President Bush was feeling better after a stomach ailment forced him to miss some meetings at an international summit on Friday.
"He feels well enough to continue with his full activities," White House counselor Dan Bartlett told reporters. "He feels terrible about any disruption he may have caused."
Even while ill, Bush taped his radio address, met as planned with France's new president and prepared for talks in Poland on a missile defense system.
The president was already dressed when he began feeling ill in the morning, Bartlett said. The aide said Bush's illness was "probably more viral in nature" and did not appear to be the result of anything he ate at the summit of eight industrialized democracies being held at a luxury resort here.
Bush stayed in bed for several hours to rest and recuperate. He missed one session with African leaders and another with leaders from China, India, Brazil, Mexico and South Africa, all developing nations not G-8 members.
Members of the Group of Eight agreed on a program worth more than $60 billion to combat the spread of HIV/AIDS and fight malaria and tuberculosis in Africa. Critics have said all the G-8 nations are lagging on the promises they made two years ago, at the British-hosted summit, to double assistance to the troubled continent by 2010.
The leaders also worked on a possible deal with Russia over the future of the Serbian province of Kosovo.
Bush returned to the talks in time for the closing lunch. The president was "fully expected" to keep to his original travel itinerary, Bartlett said.
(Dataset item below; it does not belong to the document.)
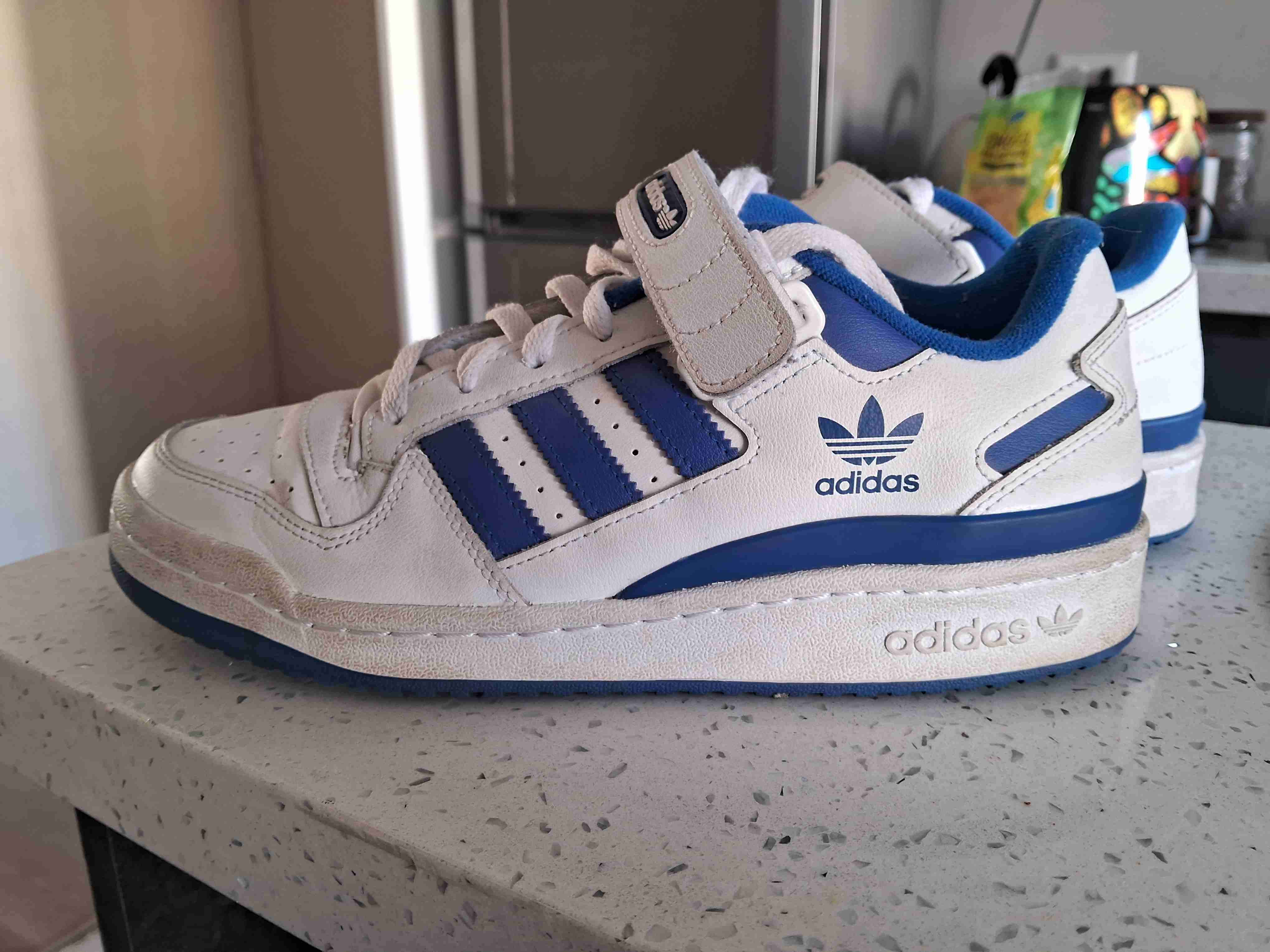 Zapatillas Adidas Forum blancas con azul. En excelente estado, muy poco uso, ideal para uso diario o deportivo.

Bush was scheduled to fly from Germany to Poland to meet and have dinner with Polish President Lech Kaczynski and then on to Rome.
His sit-down with French President Nicolas Sarkozy on the sidelines of the summit meetings went ahead in the morning in Bush's private chambers instead of a meeting room.
Bartlett joked that Bush's decision to steer clear of the other leaders for a while was a "precautionary step" to avoid following in the footsteps of his father, former President George H. W. Bush.
The elder Bush fell ill, fainting and vomiting, in January 1992 at a state dinner in Tokyo. The first sign that something was amiss with the current president came when Sarkozy appeared alone before reporters after their meeting. Speaking in French, he said only that Bush was in
his bedroom and that Bush's spokesmen would have to explain further.
Bartlett said the two leaders discussed a myriad of issues, including Iran, Syria, Lebanon, Iraq, Afghanistan, Darfur, trade and missile defense. It was their first meeting since Sarkozy took
office less than a month ago and only their second overall; the first was September in Washington.
Sarkozy said Bush had invited him to come to the United States.
"The president felt that they established a real personal rapport," Bartlett said.
The new French president, seen as friendly to the United States, will likely be a welcome change from the merciless tormenting Bush received from Sarkozy's predecessor, Jacques Chirac.